Medicare Cuts, Copayments for Home Healthcare Beneficiaries Hardest on America's Poorest, Most Vulnerable Seniors

February 13, 2012
Contact: Leigh Ann Bradley
(703) 548-0019

Medicare Cuts, Copayments for Home Healthcare Beneficiaries Hardest on America's Poorest, Most Vulnerable Seniors

As President Obama’s Budget Calls for Medicare Cuts and Increased Fees on Seniors, Home Healthcare Leaders Ask Lawmakers to Instead Focus on Program Integrity Reforms

Washington, DC — In response to President Obama's budget released today, the home healthcare community continues to express concern that proposed Medicare cuts and beneficiary copayments for home healthcare would limit patient access to the clinically advanced, cost-effective care that an overwhelming majority of American seniors prefer.

Instead of across-the-board Medicare cuts or mandatory copayments for low-income seniors, the home healthcare community believes that Washington should focus on strengthening Medicare and Medicaid through program integrity reform. Analyses of Medicare data show that targeting the small number of providers who bill outside national norms would significantly reduce annual Medicare spending.

"Simply put, there's a better way to save money than by increasing costs on America's seniors and endangering the high-quality, low-cost services they need. That's why many lawmakers prefer program integrity reform, like the home healthcare community's detailed proposal, because it generates billions in savings without harming innocent seniors or cost-efficient providers," said Billy Tauzin, former House Energy and Commerce Committee chairman and senior counsel to the Partnership for Quality Home Healthcare.

The home healthcare leader points to recently released data from the Centers for Medicare and Medicaid Services (CMS) showing that payment reforms proposed by the home healthcare community in 2009 achieved nearly $1 billion in Medicare savings in 2010 alone — equivalent to nearly $11 billion in savings over the next 10 years. As a result, this policy serves as evidence that targeted program integrity reform can generate significant savings without impacting beneficiaries or cost-efficient providers.

Further, the home healthcare community warns that a copayment policy in home healthcare will actually increase Medicare spending and unfairly impact American seniors. An analysis conducted by Avalere Health found that more than three-fourths of non dual-eligible home health beneficiaries without secondary Medigap coverage would be responsible for the full copayment, which is seen as a significant financial burden on the home healthcare population, which tends to be poorer than the typical Medicare beneficiary. Further, the analysis found that mandating copayments on home healthcare could result in a variety of unintended consequences including cost-shifting from Medicare to Medicaid, which would be an added burden on state budgets, which are already in a fragile state.

State lawmakers have also expressed concern over this potential cost-shift and warned of the financial strain this may cause to state Medicaid programs. Governor Martin O'Malley (D-MD) wrote in a letter to the director of the National Economic Council, "New fees for home healthcare in the Medicare program can also drive Medicaid costs, which would just push the budgetary hot potato down the line." Likewise, Governor Nathan Deal (R-GA) wrote, "a copayment requirement would only serve to shift thousands of low-income seniors out of home-based care into much more costly nursing homes and impose billions of dollars in additional Medicaid costs onto the states."

"We ask Congress to strongly consider the solutions the home healthcare community has put forth, which achieve significant savings and delivery system improvements without asking our nation's sickest and poorest seniors to shoulder the burden of an expensive copayment, which many patients simply cannot afford," added Senator John Breaux (D-LA).

The Medicare Payment Advisory Commission (MedPAC) has also acknowledged that copayments could drive patients to more expensive care noting, "A disadvantage of requiring beneficiary cost sharing for post-hospital episodes of home health care is that it could encourage beneficiaries to use higher cost post-acute care settings, such as skilled nursing facilities or inpatient rehabilitation facilities."

Skilled home healthcare is clinically advanced, cost-effective and patient preferred.
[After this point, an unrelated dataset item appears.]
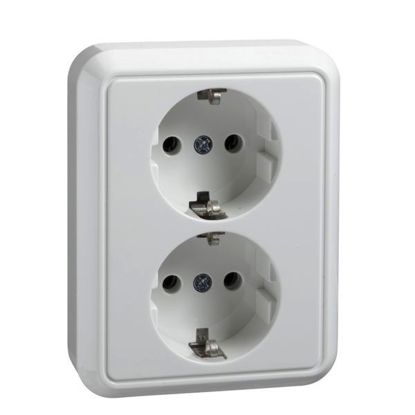 Steckdose 2-fach. Farbe: reinweiß halbversenkt, Abdeckung 80x104x27mm, aus Thermoplast für 55er Einbaudosen Schutzkontakt-Steckdosen 16 A 250V AC für Unterputzmontage. Schutzart IP 20, Schraubklemmen Klemmbereich für Kupferleiter 1,5mm² und 2,5 mm², für den sicheren Anschluss von Aluminiumleitern 2,5 mm² ohne Vorbehandlung.

Home healthcare allows patients to receive a variety of care services at home, including cardiac and pulmonary care, neurological rehabilitation, intravenous therapy and chronic disease management, among others; it is significantly less expensive than care provided in traditional settings, costing just $145 per visit compared to $1,805 for a one-day hospital stay; and research shows that 89 percent of American seniors prefer to age in place, stay home and remain independent.

Nationwide, more than 3.3 million Medicare beneficiaries receive skilled home healthcare services to treat acute illness, long-term health conditions, permanent disability, or terminal illness.